Зедльмайр говорит и о другом художнике, творчество которого с одной стороны несколько противоположно всему тому, о чём было сказано выше, а с другой стороны, оно раскрывает ту же демоническую силу. Речь пойдёт о немецком художнике Фридрихе, который жил в эти же времена. В его картинах «из отношения человека к космосу исключена теплота человеческого. Луна, которая сама уже мертва, холодно отражает свет закатившегося солнца и покрывает мир саваном, являясь великим символом этого нового сквозного чувства, охватившего человека с его жаждой и с муками богооставленности. И человек этот стоит один на один со всей Вселенной, подобно Кресту с Богочеловеком, посреди безучастного молчания гор».

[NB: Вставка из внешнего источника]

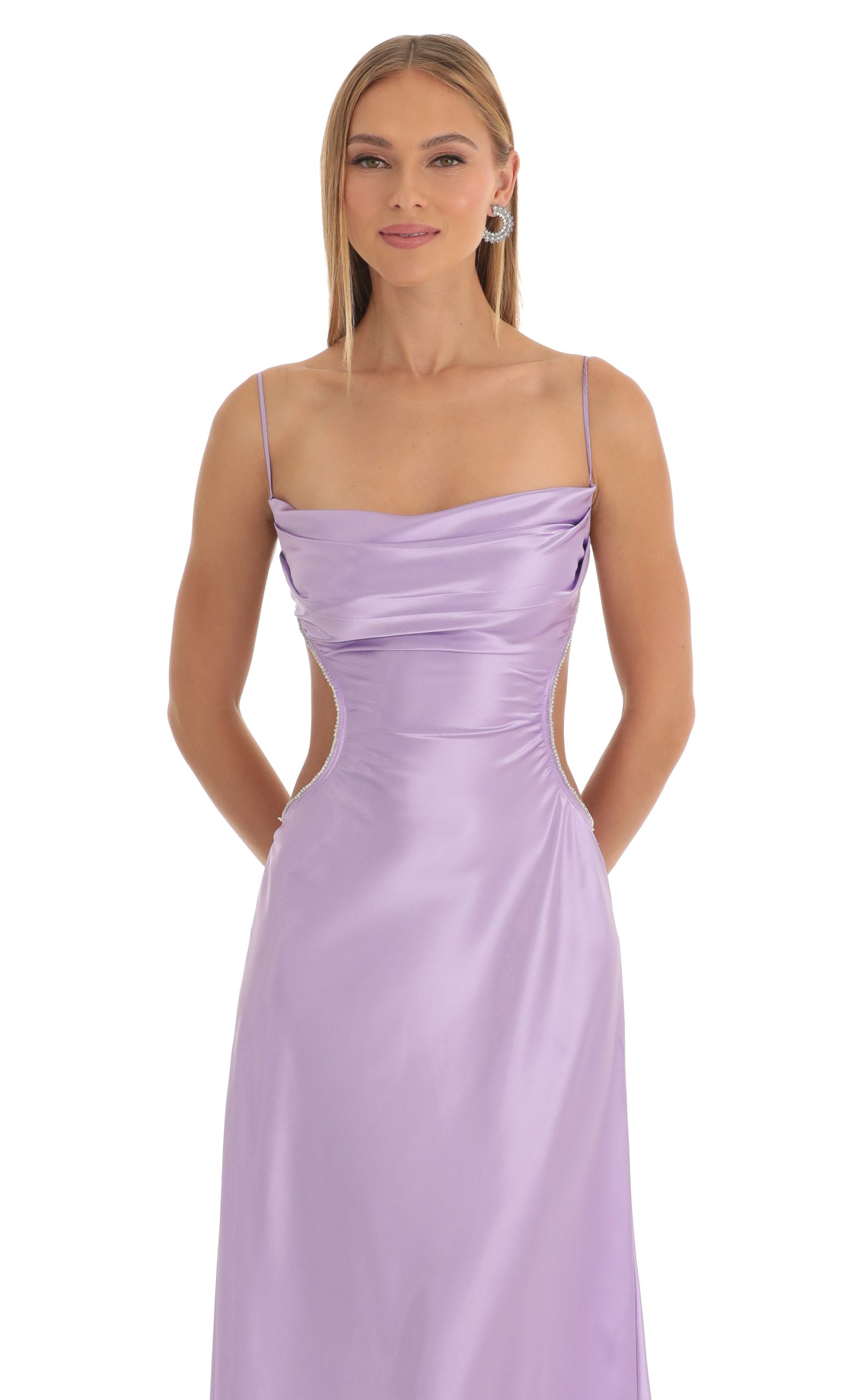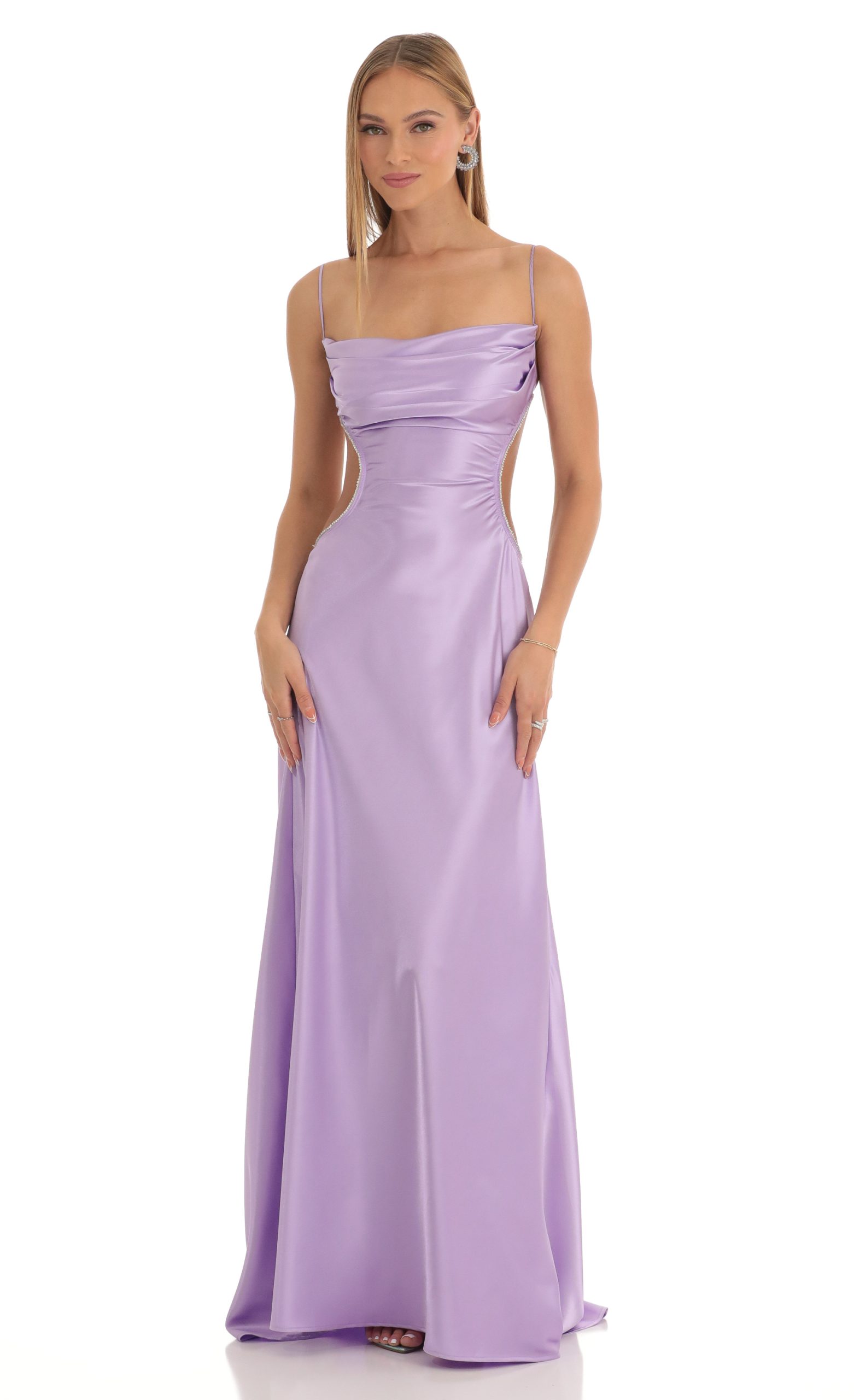 LUCY IN THE SKY Women’s Satin Rhinestone Maxi Dress In Purple | Purple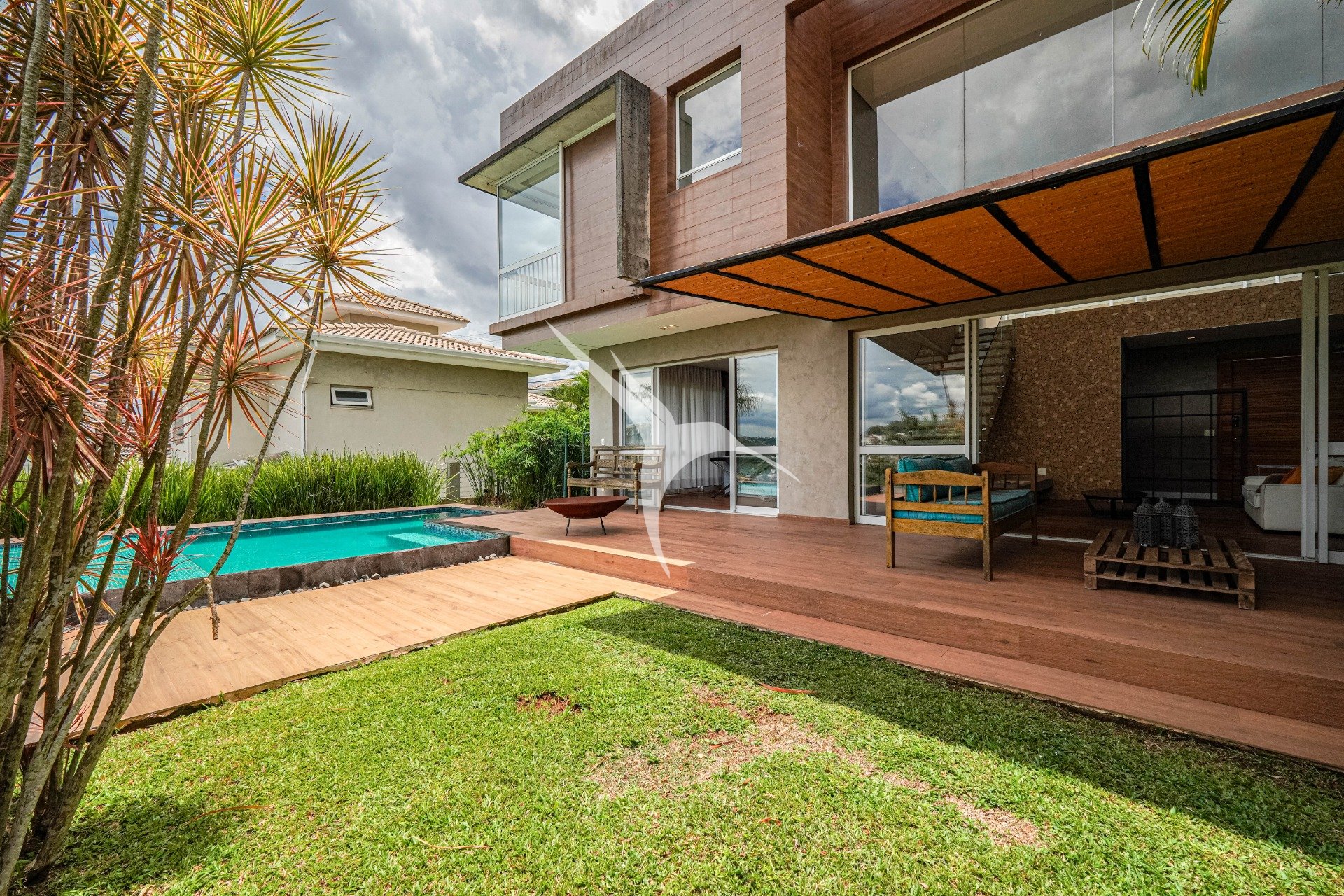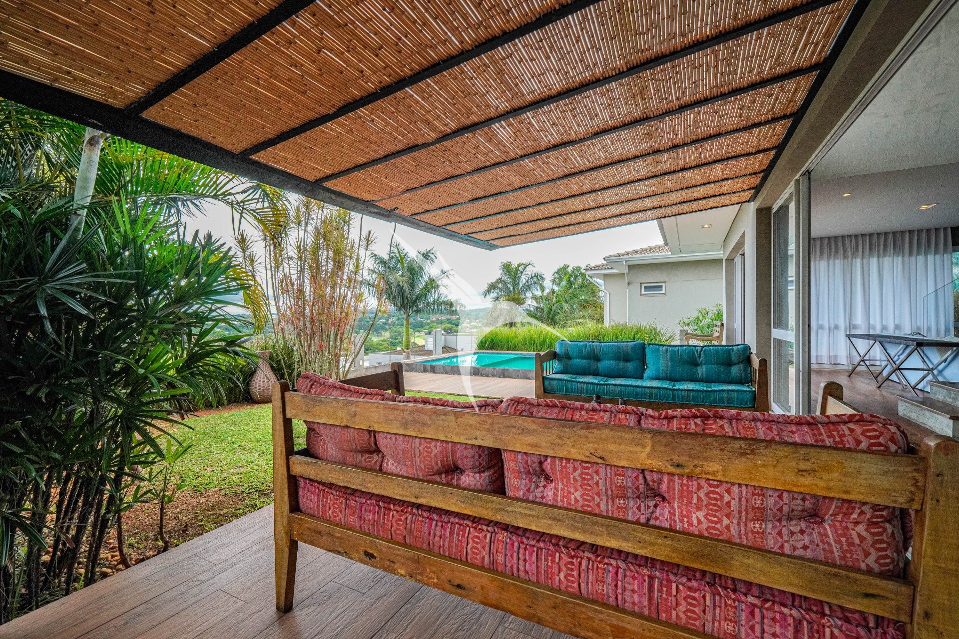 Todas as áreas sociais se abrem para o jardim, sempre acompanhadas por uma vista permanente para o campo de golfe, um cenário que muda de cor ao longo do dia e transforma cada momento dentro da casa.

Третьим симптоматическим проявлением этого века он называет карикатуру. О ней он говорит: «Карикатура, в общем-то, существовала и в более ранние эпохи…», но «лишь с конца 18-го века (сначала в Англии) карикатура как особый жанр присутствует в широких слоях общества, и только в 19-ом веке у Домье» — французского художника — «она образует главную сферу творчества большого художника. То есть не появление карикатуры как таковой, а её превращение в высокое и значимое искусство является симптомом первой величины».

«С 1830 г. в политических видах возникает журнал “La Caricature”: “Вальпургиева ночь, пандемониум, разнузданная, сатанинская комедия, то полная глупости, то налитая кровью”. Тем самым обозначаются те первоисточники, из которых проистекает карикатура: согласно своей природе карикатура — это искажение человеческого и (в экстремальных случаях) “воплощение” в человеческом адского, слепленного из откровенных антиобразов человеческого».

«Бессознательно протекающий процесс искажения происходит с использованием двух методов, так сказать, отрицательного и положительного. Отрицательный метод лишает человека его общего вида, формы и достоинства, он показывает его отвратительным, бесформенным, убогим и смешным. Человек, венец творения, низлагается, унижается, сохраняя, однако, при этом свою человеческую сущность».

А «положительный метод искажения делает человека чем-то иным, чем-то недочеловеческим. Он привлекает при этом тот самый регистр, который издавна использовался в западной традиции изображения ада. Лицо человека искажается, превращаясь в кривую рожу, сам он теперь — обломок, урод, животное, бестия, скелет, призрак, истукан, кукла, мешок, автомат. Он кажется гадким, сомнительным, бесформенным, гротескным, непристойным. Его действия принимают характер чего-то бессмысленного, ненастоящего, комедии, чего-то грубого, демонического».

«Первичная движущая сила — сомнение, а также разочарованность в человеке, в его сущности и в его красоте. Конвенциональная форма карикатуры является только внешним поводом, благодаря которому подобный взгляд на человека может свободно распространяться».

«Однако же у Домье, в отличие от жестоких, циничных карикатур начала XX века, сомнение в человеке уравновешивается сознанием его возвышенности. Как, пожалуй, ни один из художников XIX века, Домье смог увидеть величие и нищету человека. Но то и другое он переносит в переживание “трагикомического”».

«В начале же XX века все противовесы были удалены, и рядом с новым расцветом немилосердной и внутренне разочарованной в человеке карикатуры без всякой маскировки среди человеческих изображений современного искусства показывается образ человека изуродованного, с непреодолимой силой влекущего к себе художников. Эти человеческие изображения кажутся карикатурами, внушающими ужас, и фактически возникают из тех же самых тёмных глубинных оснований».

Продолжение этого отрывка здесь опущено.